The final spot size depends strongly on the working distance i.e. on the distance from the end of the capillary optic to the sample. This is because the radiation is propagated in the optic by multiple total reflections therefore the exit radiation has a maximum divergence according to the critical angle of total reflection. For an instrument to be used in a robust environment the working distance should be large enough that the possibility of touching the optics against the sample is minimised. In the M4 Tornado the working distance is 10 mm, limiting spot size to 20 – 25 µm.

In addition the excitation intensity is partially influenced by the working distance. For a shorter working distance the poly-capillary optic needs a shorter curve radius. This reduces slightly the reflectivity in the capillary optics and increases the loss of intensity by absorption.

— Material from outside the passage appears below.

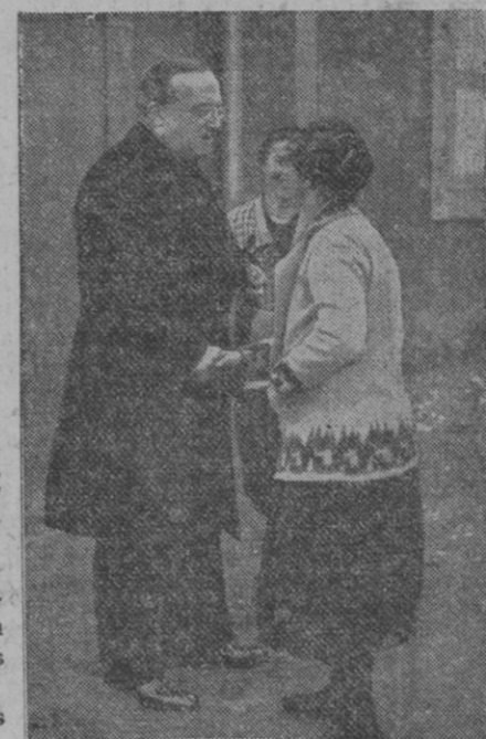
El ex presidente del Gabinete de Francia M. Tardieu, que ha perdido la fe en el parlamentarismo, en el momento de despedirse de uno de sus antiguos electores. Se insiste en que M. Tardieu sustituirá al coronel Larocque en la jefatura de la organización patriótica "Cruces de Fuego"

—Una política de paz dentro del marco de la Sociedad de Naciones.

DETECTION OF FLUORESCENCE RADIATION

If the sample will be excited with high efficiency than also the high flux of fluorescence radiation needs to be detected and processed. For that purpose Silicon-Drift-Detectors (SDD) are used now [Bruker webpage]. Previously Lithium-drifted Si-detectors (Si(Li)) were used mostly for energy dispersive X-ray spectroscopy. The SDD’s are not only electrically cooled and do not need liquid Nitrogen like Si(Li)’s, but they have also extremely short shaping times and can therefore handle very high count rates. Another important feature of SDD’s is that the energy resolution is not degraded for high count rates. Nevertheless the basic energy resolution will be influenced slightly by the shaping time i.e. for an optimum throughput of 60 kcps the energy resolution is in the range of 130 eV and for an optimum throughput of 130 kcps in the range of 140 eV. The optimum throughput generates a dead time of approx. 30 %. These values are valid for 30 mm² sensitive detector area which is also important to capture a large solid angle of fluorescence radiation from the sample.

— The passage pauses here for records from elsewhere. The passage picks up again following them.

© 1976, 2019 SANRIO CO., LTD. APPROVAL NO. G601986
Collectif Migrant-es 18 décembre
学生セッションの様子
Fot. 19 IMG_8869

With this arrangement count rates for pure elements can be reached in the range of 400 to 500 kcps (for elements like Mn, Fe, Co, Ni, Cu).

SAMPLE POSITIONING

Samples for µ-XRF can be relatively large, requiring a large sample chamber for their positioning. The M4 Tornado has a sample chamber of 600 x 350 mm². The size of a sample that can be examined without new positioning on the stage is 200 x 160 mm with a maximum height of 125 mm.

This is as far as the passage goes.